Renee walked farther into her home, and instantly, her eyes zoomed in on Jared’s sneakers. “What happened?” she asked.
At first, Jared didn’t answer. He just continued to look into space. It was obvious the lights were on, but no one was home.
“There was an intruder,” he finally said.
Julian’s heart skipped a beat. The first person that came to mind was Page. Had she made her move before they got a chance to?
“Where’s the body?” Julian said, pressing.
“She’s been cleaned up.” Jared spoke slowly and almost robotically.
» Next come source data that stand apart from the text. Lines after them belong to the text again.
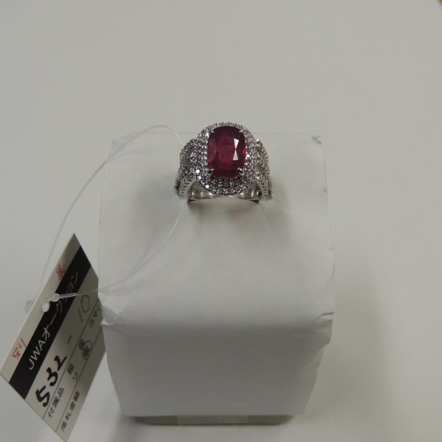 リング ルビー非加熱 Pt900 15.55g G.R.S.鑑 石目:R4.57/D1.71
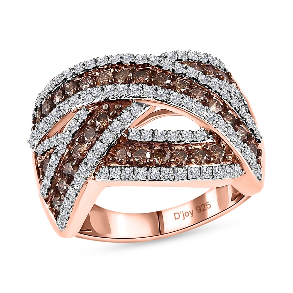 Dive deep into glamour and artistry with this magnificent natural champagne and white diamond crisscross ring. Bathed in the warm hues of vermeil rose gold, this exquisite piece showcases a dance of natural champagne and white diamonds, symbolizing the intertwining journeys of life and love.
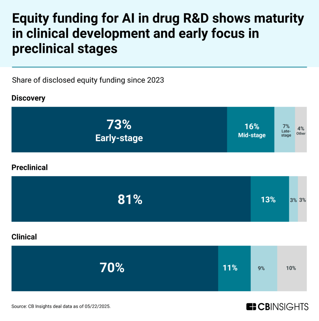 - AI tools for clinical development are more commercially mature than the emerging field of preclinical applications. According to CB Insights’ Commercial Maturity scores, 37% of clinical development companies have reached the most mature commercial stages (4: Scaling or 5: Established) compared to just 7% of preclinical companies. Late-stage funding follows a similar pattern — 9% of clinical development funding since 2023 has gone to late-stage companies, compared to just 3% for preclinical tools.
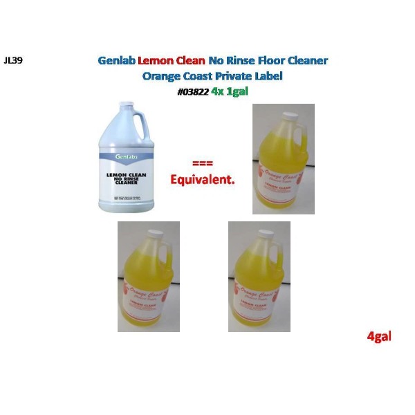 Genlabs Genlab Lemon Clean No Rinse Floor Cleaner 4x1 gal - Orange Coast private Label
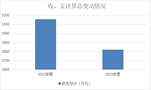 2023年度收、支总计均为2820.02万元。与2022年度相比,收、支总计减少338.70万元,降低10.7%,主要原因是按需缩减预算开支项目,积极响应市政府过紧日子的要求。

Renee’s eyes fell on Carmen. Suddenly, the dead intruder was no longer important. She hadn’t expected Carmen to wait outside her building; she’d only been pushing her buttons. What she had expected was for her to go home, not fall asleep in her home.
“Who was it? How did they look?” Dane asked.
Jared opened his mouth to respond but never uttered a word. Renee stormed over to Carmen and dug her hand deep into her hair. The tips of her nails scratched Carmen’s scalp as she got a tight hold on her mane. Renee yanked Carmen off the couch and onto the carpet, and Carmen’s back slammed against the floor, legs twisted in knots. Carmen screeched as strands of her hair fluttered to the floor. Renee wrapped her hand around her hair one more time and jerked her forward. She was tired of her father’s mistake constantly being in her face.
“Get the fuck out!” Renee roared. Her pent-up grief and frustration meshed with her strength as she hurled Carmen away from her. Carmen’s 120-pound frame slid across the floor and banged into a wall.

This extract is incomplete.